Almost too late, she remembered him. Where was Jon!

It was as if Almaguer could hear her frantic thoughts. “No one is coming to help you, child. We caught your hunter first and left his body in a ditch. Our hunter is the better shot. He is dead.” A smirk twisted on his mouth. “We made sure of it.”

A feeling of blackness threatened to swallow her whole. Grief filled her nose and mouth. She drowned in it. Four of the sheriff’s men rode away, one holding the stallion’s reins to lead Colvin out of the thicket. The sun sank below the nearby hills, filling the Bearden Muir with shadows. As the light failed, so did her courage.

* * *

After binding Lia’s hands with irons, Almaguer thrust her roughly against the boulder while his men settled in for the night. Darkness descended quickly, but soon a pair of fires crackled and snapped. Horses were unsaddled and they thrashed with weariness and agony. Muddy blankets were spread out, and one of the soldiers set-up a makeshift spit. He had a bow and quiver, and Lia knew he was the one who had killed Jon. His expression was remorseless, and she hated him.
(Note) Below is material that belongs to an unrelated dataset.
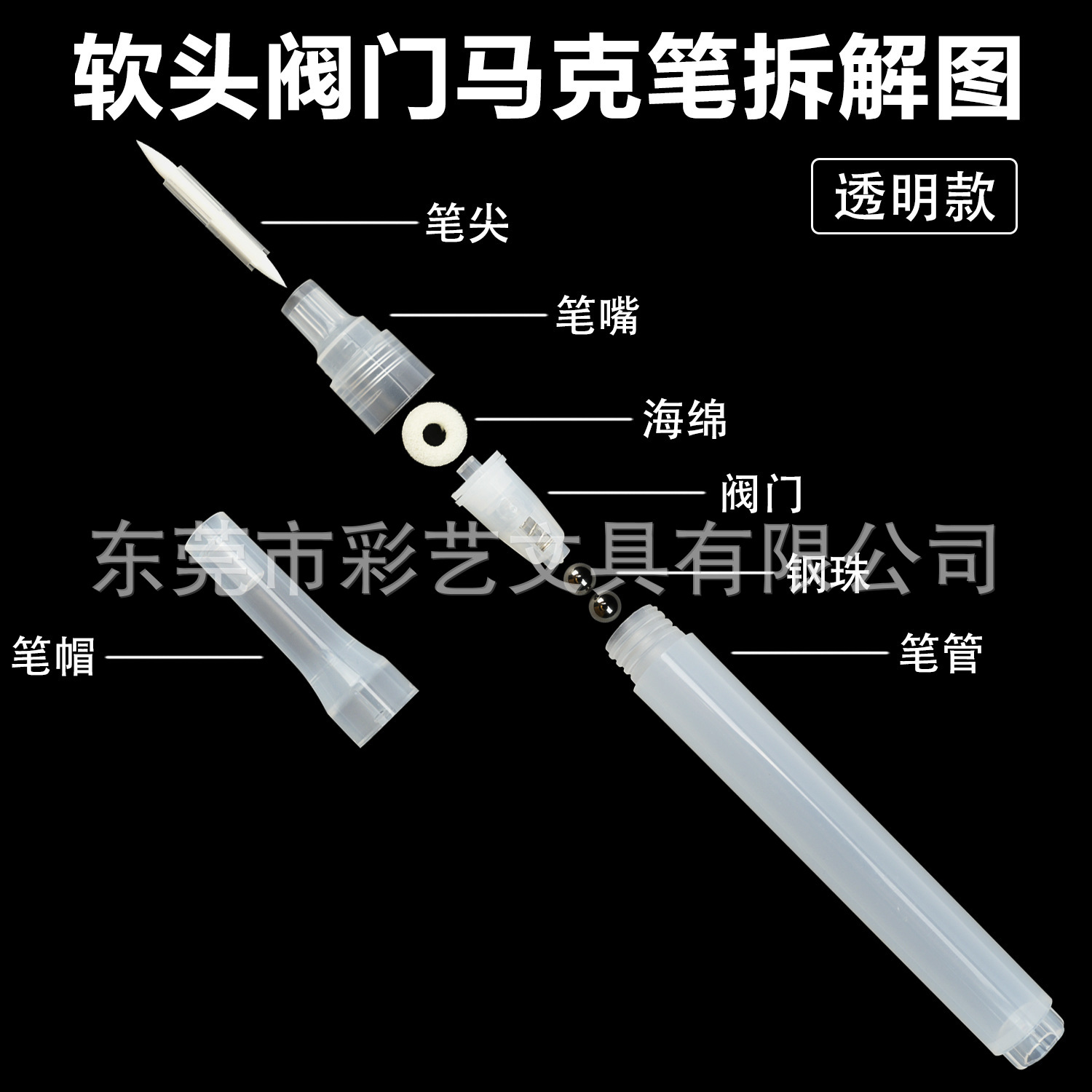 ソフトヘッドバルブ空ペン部品ペイントペンpp透明空ペンペンプラスチック部品空ペンマークペン
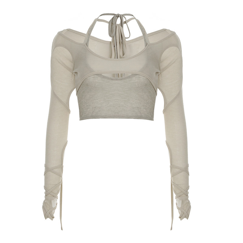 WEEKEEP 纯色解构镂空分割假两件挂脖绑带上衣女紧身长袖T恤跳舞

Looking down at the mat of swamp grass, she wondered about Colvin. It was all pointless. It was all in vain. Everything she had tried to do to help him had failed. In the end, the sheriff had captured her, just as Maderos had warned. Her stomach was sick with worry. She thought about escaping, but Almaguer did not lose sight of her, even for a moment. He studied her with an intensity that made her sicker still. He was looking at her in a foul way. He was leering at her.

Even though she could not see them, she knew the smoke shapes were all around her. The Myriad Ones, Colvin had called them. Something awful was going to happen to her. They knew it and were eager to be part of it.

“It is nearly dusk,” one of the soldiers said.

“Past dusk,” another growled.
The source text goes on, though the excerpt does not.